[lvm-devel] thin vol write performance variance

Fri Dec 10 17:46:33 UTC 2021

Dne 10. 12. 21 v 18:18 Lakshmi Narasimhan Sundararajan napsal(a):
> Hi Zdenek and team!
> 
> This issue looks very similar to dm block IO handling not using blkmq driver.
> IIRC the queue limits are not honoured for non blkmq devices.
> 
> So how can thin pool/thin dm devices be forced to use blkmq rq based device 
> driver?
> As noted in this thread, we are seeing a huge number of inflight IO on the dm 
> device and any sync takes a huge time to complete.
> Please advise.
> 
> As a reference I compared a root ssd with the thin device and the appropriate 
> sysfs dir(mq) is missing for dm devices, clearly indicating that dm device do 
> not use blkmq rq based driver. See further logs below.

Hi

I'm not an thin target author - so can't tell technical detail - this would be 
question more for Joe & Mike - but AFAIK thin target do not support request 
based IO handling (like i.e. multipath).

Usage of thin target may cause amplification of writes - since a low number of 
write IO operation on this volume may cause considerable higher amount of real 
writes on _tmeta & _tdata LVs (i.e. COW of blocks - when you write to a chunk 
which is held by other thin snapshots) - note -  metadata typically *DO* 
require a separate FAST device.

Your setup looks like you seem to use same devices for _tmeta and _tdata LVs 
  (using same backend device 9:127 in your previous post)

Such configuration are NOT advised for any 'performance' oriented usage - 
there is no way around high bandwidth IO usage of the _tmeta device which 
simply needs frequent commits of updated metadata state - especially with 
larger metadata size this gets very very noticeable.

So my advice to try out would be to use different PVs for placement of _tdata
and _tmeta device - so writes are not going though same controller and  _tmeta 
use 'low-latency' device like SSD/NMVe.

If you are worried about to long time for sync - I'd consider to reduce amount 
of VM 'dirty' memory pages  (default linux kernel setting allows very high 
amount of your RAM hold unwritten data)

There is not much we can do on this side on thin - this is a nature of linux 
kernel device handling.

Also note - with using thin provisioning there is obviously some price being 
paid on hw utilization side - i.e. you can't expect 100% match with linear 
device.
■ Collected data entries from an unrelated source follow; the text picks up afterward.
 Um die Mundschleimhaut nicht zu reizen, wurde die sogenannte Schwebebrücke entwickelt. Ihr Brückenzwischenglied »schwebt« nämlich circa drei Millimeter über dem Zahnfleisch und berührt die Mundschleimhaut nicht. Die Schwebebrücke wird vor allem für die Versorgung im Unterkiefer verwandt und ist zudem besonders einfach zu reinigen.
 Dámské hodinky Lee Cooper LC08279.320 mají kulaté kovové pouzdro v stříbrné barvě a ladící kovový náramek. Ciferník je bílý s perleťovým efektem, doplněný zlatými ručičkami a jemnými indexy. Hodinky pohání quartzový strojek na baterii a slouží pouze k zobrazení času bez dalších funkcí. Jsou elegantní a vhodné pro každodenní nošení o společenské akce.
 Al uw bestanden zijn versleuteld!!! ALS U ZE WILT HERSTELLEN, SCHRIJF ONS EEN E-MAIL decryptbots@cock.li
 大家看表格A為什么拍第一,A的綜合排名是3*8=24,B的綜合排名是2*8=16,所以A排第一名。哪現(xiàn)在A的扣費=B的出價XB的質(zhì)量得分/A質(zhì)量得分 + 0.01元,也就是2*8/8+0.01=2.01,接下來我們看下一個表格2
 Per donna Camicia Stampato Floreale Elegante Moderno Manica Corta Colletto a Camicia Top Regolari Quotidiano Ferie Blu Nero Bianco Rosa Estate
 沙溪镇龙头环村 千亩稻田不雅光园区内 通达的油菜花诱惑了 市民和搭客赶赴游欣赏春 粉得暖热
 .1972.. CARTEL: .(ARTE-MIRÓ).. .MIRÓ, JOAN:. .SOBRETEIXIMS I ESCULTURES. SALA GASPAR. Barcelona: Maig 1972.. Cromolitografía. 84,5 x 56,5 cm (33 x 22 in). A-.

However once device is 'provisioned' and you write to those parts of 
device the performance should get very close to linear.
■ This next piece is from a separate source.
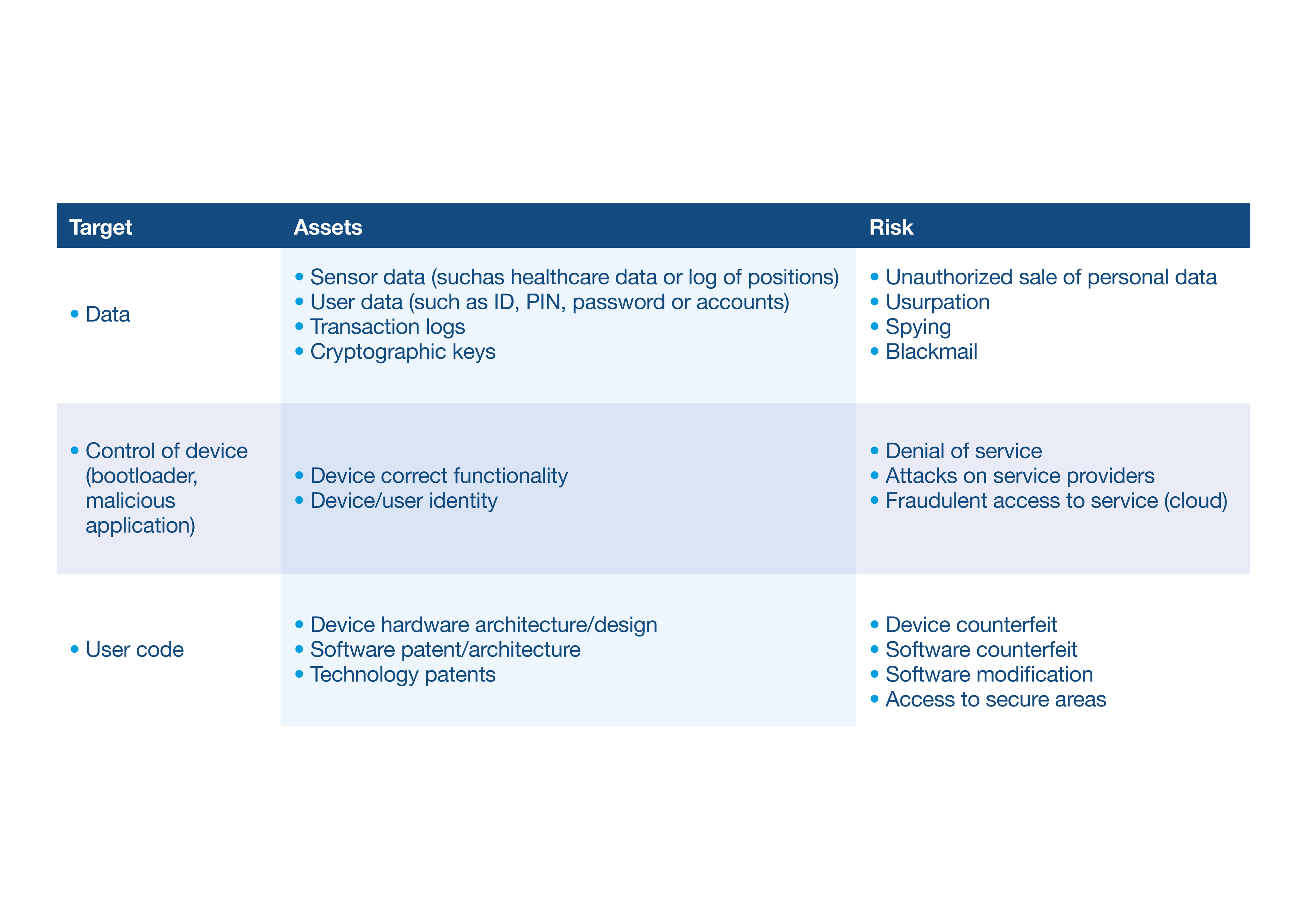 Figure 2: The classification of targets, assets, and associated risks help determine which security methods to implement. (Source: STMicroelectronics)
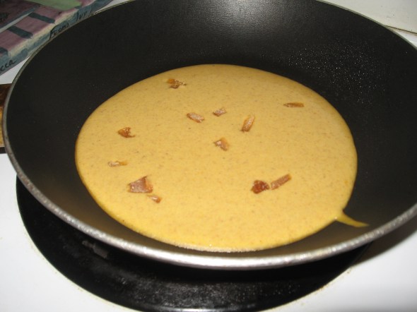 Dice the ginger and keep in bowl by your stove. Combine all the wet ingredients together in one bowl and mix. Add all of the dry ingredients together in large separate bowl and mix. Add the wet to the dry and whisk until lumps have mostly broken up. Once batter is ladled into pan, drop pieces of ginger into the pancakes.

Also a simple rule of thumb - if you do not need snapshots - the bigger the 
chunks you use - the less 'metadata' handling you will see - i.e. using 
chunk-size of 512K causes significantly lower 'metadata' handling compared 
with default 64K chunk  (can be useful if you need to keep _tmeta & _tdata on 
same disk)  However - the bigger the chunk is - the less efficient the usage 
of snapshot gets as single byte change in 512K chunk requires to use new 512K 
chunk in thin-pool compared with 64K chunks.

Regards

Zdenek